**TASK DETAILS**
What do the lines say, reproduced word for word, from the first of the entries below through the line bearing "born to fish"?

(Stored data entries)
__________________________________________________
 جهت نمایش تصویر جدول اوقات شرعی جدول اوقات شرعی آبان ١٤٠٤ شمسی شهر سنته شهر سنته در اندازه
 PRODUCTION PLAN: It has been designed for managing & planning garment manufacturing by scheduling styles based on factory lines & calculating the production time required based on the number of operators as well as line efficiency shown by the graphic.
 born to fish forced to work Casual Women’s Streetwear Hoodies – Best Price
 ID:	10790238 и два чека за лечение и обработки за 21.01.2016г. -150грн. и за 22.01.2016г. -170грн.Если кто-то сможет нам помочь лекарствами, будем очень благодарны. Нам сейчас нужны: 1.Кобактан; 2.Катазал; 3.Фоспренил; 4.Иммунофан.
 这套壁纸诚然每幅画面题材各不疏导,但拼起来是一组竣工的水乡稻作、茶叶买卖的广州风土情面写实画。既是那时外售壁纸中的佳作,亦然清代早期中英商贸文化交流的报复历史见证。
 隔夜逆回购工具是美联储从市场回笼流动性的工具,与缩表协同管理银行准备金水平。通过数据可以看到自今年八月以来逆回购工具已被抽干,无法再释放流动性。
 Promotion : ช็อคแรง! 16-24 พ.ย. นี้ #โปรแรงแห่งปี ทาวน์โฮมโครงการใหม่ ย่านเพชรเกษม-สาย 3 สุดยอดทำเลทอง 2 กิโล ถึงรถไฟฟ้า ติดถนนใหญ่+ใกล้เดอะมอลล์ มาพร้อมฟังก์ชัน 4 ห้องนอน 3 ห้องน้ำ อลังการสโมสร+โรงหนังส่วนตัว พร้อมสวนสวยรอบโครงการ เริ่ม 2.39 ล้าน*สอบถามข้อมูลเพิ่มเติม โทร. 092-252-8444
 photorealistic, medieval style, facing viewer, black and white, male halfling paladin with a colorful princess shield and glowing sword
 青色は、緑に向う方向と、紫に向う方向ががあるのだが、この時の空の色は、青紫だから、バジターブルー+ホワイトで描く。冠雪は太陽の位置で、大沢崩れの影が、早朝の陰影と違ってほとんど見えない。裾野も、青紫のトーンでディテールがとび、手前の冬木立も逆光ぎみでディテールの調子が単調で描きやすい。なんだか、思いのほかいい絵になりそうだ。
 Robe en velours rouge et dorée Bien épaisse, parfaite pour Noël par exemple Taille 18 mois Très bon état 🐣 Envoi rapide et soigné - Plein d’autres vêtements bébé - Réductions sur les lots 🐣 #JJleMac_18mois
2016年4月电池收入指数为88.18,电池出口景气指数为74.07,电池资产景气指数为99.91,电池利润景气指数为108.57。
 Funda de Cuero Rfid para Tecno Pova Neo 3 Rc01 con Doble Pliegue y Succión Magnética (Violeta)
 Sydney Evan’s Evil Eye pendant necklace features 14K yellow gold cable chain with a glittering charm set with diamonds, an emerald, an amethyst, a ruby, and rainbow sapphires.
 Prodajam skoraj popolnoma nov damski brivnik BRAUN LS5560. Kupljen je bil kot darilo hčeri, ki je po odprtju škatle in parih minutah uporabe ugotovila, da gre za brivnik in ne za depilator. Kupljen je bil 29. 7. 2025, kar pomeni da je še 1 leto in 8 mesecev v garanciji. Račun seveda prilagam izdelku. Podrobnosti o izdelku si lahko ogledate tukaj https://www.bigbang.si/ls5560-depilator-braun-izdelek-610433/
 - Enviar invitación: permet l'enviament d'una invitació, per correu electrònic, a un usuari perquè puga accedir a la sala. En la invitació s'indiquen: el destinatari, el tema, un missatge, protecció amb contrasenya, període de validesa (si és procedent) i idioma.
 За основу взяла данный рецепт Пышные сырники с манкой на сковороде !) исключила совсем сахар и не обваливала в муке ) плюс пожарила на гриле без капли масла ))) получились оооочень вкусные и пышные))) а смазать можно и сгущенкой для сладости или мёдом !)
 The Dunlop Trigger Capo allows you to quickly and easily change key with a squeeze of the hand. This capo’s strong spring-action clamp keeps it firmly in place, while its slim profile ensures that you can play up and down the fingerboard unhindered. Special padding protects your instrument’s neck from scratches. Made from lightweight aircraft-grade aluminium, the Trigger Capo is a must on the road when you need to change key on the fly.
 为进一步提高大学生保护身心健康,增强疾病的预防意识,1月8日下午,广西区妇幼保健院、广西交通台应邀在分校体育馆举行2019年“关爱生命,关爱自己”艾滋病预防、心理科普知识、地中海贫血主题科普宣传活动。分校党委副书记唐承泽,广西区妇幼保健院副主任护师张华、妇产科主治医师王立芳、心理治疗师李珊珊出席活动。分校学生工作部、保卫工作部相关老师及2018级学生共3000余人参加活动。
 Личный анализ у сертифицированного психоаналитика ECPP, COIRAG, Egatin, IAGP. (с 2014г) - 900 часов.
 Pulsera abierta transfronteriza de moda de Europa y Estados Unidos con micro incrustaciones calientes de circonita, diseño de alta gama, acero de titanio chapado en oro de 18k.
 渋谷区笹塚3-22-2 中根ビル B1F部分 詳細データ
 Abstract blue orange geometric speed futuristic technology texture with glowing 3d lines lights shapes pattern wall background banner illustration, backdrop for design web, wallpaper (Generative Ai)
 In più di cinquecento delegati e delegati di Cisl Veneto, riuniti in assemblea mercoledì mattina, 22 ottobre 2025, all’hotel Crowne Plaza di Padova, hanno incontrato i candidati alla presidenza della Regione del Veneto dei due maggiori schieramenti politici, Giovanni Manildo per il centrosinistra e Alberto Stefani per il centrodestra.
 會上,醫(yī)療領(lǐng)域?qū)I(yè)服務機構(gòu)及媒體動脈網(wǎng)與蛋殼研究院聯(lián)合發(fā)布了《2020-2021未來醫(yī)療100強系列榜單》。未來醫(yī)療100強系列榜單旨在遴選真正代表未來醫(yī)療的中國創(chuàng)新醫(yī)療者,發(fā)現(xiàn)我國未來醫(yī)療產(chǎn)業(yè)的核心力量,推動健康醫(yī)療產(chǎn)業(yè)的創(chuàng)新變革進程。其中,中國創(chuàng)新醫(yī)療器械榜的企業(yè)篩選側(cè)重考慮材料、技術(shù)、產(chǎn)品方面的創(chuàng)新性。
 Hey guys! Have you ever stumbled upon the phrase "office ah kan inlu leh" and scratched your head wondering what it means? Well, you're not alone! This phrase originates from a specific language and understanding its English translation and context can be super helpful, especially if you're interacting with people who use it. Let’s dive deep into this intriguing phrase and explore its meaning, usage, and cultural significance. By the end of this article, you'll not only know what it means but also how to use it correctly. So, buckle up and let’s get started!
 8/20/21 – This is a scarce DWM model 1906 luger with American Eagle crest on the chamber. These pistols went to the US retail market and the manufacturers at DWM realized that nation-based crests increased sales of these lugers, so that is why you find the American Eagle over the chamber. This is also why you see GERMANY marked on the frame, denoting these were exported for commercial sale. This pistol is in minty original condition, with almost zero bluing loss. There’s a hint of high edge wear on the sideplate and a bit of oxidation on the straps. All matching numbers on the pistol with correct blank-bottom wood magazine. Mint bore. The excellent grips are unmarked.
__________________________________________________
**TASK ANSWER**
 جهت نمایش تصویر جدول اوقات شرعی جدول اوقات شرعی آبان ١٤٠٤ شمسی شهر سنته شهر سنته در اندازه
 PRODUCTION PLAN: It has been designed for managing & planning garment manufacturing by scheduling styles based on factory lines & calculating the production time required based on the number of operators as well as line efficiency shown by the graphic.
 born to fish forced to work Casual Women’s Streetwear Hoodies – Best Price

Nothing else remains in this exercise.